Gaas plague - need to have a huge following STAT.
 
Jun 26, 2018
3,829
I doubt we're ever really gonna go to full-on subscription model, big studios wouldn't really go for it for new releases, too much money lost I assume.
 

Lashley

<<Tag Here>>
Member
Oct 25, 2017
59,991
If Xbox and Sony are paying them upfront, then it'll be fine.

They'll dictate the norm of streaming going forward.
 

Ikuu

Banned
Oct 27, 2017
2,294
No.

Instead, publishers should stop devaluing their games so much. I, as a consumer, am looking for the best possible deal. This is why Nintendo continues to sell copies of Zelda BOTW at full price. They will never put it on sale. People buy the game for $60, knowing that they have no chance to get it for cheaper even if they wait for a year.

Battlefield V full price buyers got turbo-fucked when the game went for $30 a week from release. Thanks EA, not gonna buy Anthem for full price now. It'll be on sale fast. Short-sighted idiots.
Only in gaming would people celebrate something never going on sale.
 

ASaiyan

Member
Oct 25, 2017
7,228
I mean, itch.io will always be a thing. Same way Bandcamp is still a thing for independent artists.
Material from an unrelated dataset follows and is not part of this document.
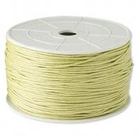 Вощеный шнур, 100% хлопок, цвет желто-зеленый. Шнур довольно рыхлый, может казаться толще заявленной производителем толщины. Толщина 0.9-1.2 мм. По возможности, продается цельным куском, однако, может поставляться несколькими отрезами. Цена за 10 метров.

It really sucks that companies think "playtime ratio" is an acceptable payment model (probably, they are doing this because their subscription services are barely turning a profit themselves). But I don't think the sky is falling for indie games or anything.
Stop being so cheap, people. Buy games. Dont wait for humble bundle, steam deep sale or gamepass. Buy the game.
What a fucking out of touch post. Maybe you could buy the games for us yourself, with your piles of spare money?
 

THEVOID

Prophet of Regret
Member
Oct 27, 2017
22,861
This right here.

Subscription model alone gives corporation too much power. Afraid of games being GaaS.. unfinished, slowly updated troughout the year, and micro transactions infested.

We got that way before subs started. If people are willing to buy unfinished games in beta there's a market.
 

Screen Looker

Member
Nov 17, 2018
1,963
The Netflix model is to pay upfront. He's talking about the Spotify approach. Dev Studios would have better guarantees on income with a Netflix model.

Part of this being able to be done is the difference between hollywood and music and gaming in unionization and guarantees.

Now is the time for developers to refuse outright though. I don't think it's doom and gloom as he paints it though because those service won't completely take off without third party content anyway.

If they did grow the services without third parties, they would have to pay for that development anyway, which is again an upfront cost model as they pay for the development.

Just don't give in now under the guise of "experimentation" as that will become the norm and the fight to change it will be harder.
 

THEVOID

Prophet of Regret
Member
Oct 27, 2017
22,861
But then you're not really cheap, you simply dont have the money. But those that do have the money, and dont mind blowing hundreds of bucks on drinks at the bar every weekend but can't pay for a game.. bah. I.e some of my friends.

That's not fair at all. There's oodles of entertianment willing to take out money and tons of competition. You have to adapt to the market.
 

Starlatine

533.489 paid youtubers cant be wrong
Member
Oct 28, 2017
30,421
"x thing is bad because it can be used in a bad way" is a dumb argument that fits literally everything.
 

SuikerBrood

Member
Jan 21, 2018
15,490
I'm going to include a quote from Take Two's CEO that I think is worth reading-

Ultimately subscriptions are set to be additive in the gaming space, as opposed to all encompassing.

This is an interesting quote. I think the importance of subscriptions services will differ from publisher to publisher. And I also think it's easier to get third party software on your platform as a platform holder.

Wonder if we'll see more third party content on EA's service. I expect it.
 

Deleted member 6730

User requested account closure
Banned
Oct 25, 2017
11,526
That sounds super scummy. I know Netflix and Spotify especially are really bad with paying out royalties but you should at least get paid upfront for something like that.
 

Astandahl

Member
Oct 28, 2017
9,011
I still like old school model. I'll keep buying the games i'm interested in.

Don't really care about this subs model like EA or Gamepass.